PROBLEM REQUIREMENTS - Leave out the pictures, and retype the remaining data exactly.

SUPPLIED MATERIAL -
Content starts

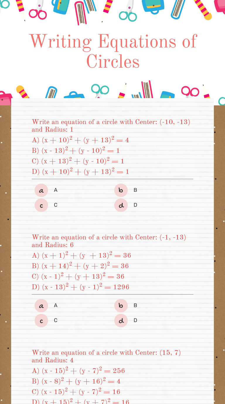 X h 2 y k 2 r 2.These are two worksheets on circle equations with step by step solutions.Circle equations worksheets teaching resources circle equations worksheets.
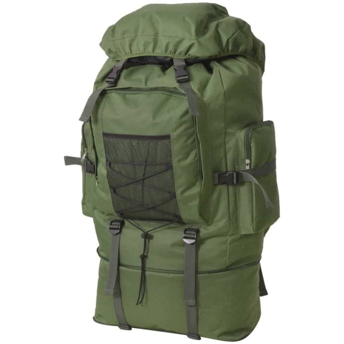 Izrađen od visokokvalitetnog obloženog 600D poliestera,ovaj ruksak je izdržljiv i vodootporan. Ruksak u vojnom stilu ima dvije široke naramenice i podesivi remen za struk sa kopčom za zatvaranje. Ima veliki kapacitet od 100 litara, tako da možete spakirati sve što je potrebno za putujuću avanturu. Veliki glavni pretinac možete koristiti za spremanje velikih stvari, a vrpca za stezanje i zatvarač sa kopčom jamče da svoje stvari čuvate na sigurnom.Tu je prednji džep sa ciferšlusom, jedan džep sa mrežom, dva bočna džepa sa ciferšlusom i dva džepa sa ciferšlusom i poklopcem, koji pružaju dodatni prostor za sigurno i praktično pohranjivanje potrebnih predmeta kao što su noževi, naočale i svjetiljke.
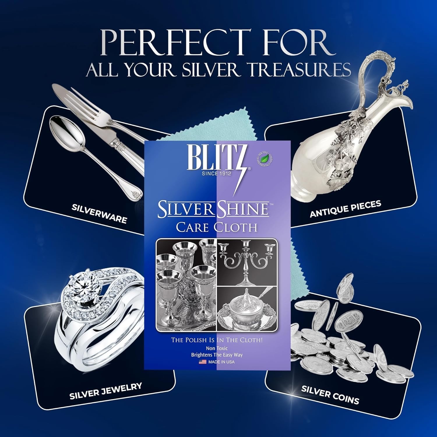 Luxury Silver Care Polishing Cloth - 12''x15'', Anti-Tarnish Non-Abrasive

Content ends

ANSWER BOX -
 X h 2 y k 2 r 2.These are two worksheets on circle equations with step by step solutions.Circle equations worksheets teaching resources circle equations worksheets.
 Izrađen od visokokvalitetnog obloženog 600D poliestera,ovaj ruksak je izdržljiv i vodootporan. Ruksak u vojnom stilu ima dvije široke naramenice i podesivi remen za struk sa kopčom za zatvaranje. Ima veliki kapacitet od 100 litara, tako da možete spakirati sve što je potrebno za putujuću avanturu. Veliki glavni pretinac možete koristiti za spremanje velikih stvari, a vrpca za stezanje i zatvarač sa kopčom jamče da svoje stvari čuvate na sigurnom.Tu je prednji džep sa ciferšlusom, jedan džep sa mrežom, dva bočna džepa sa ciferšlusom i dva džepa sa ciferšlusom i poklopcem, koji pružaju dodatni prostor za sigurno i praktično pohranjivanje potrebnih predmeta kao što su noževi, naočale i svjetiljke.
 Luxury Silver Care Polishing Cloth - 12''x15'', Anti-Tarnish Non-Abrasive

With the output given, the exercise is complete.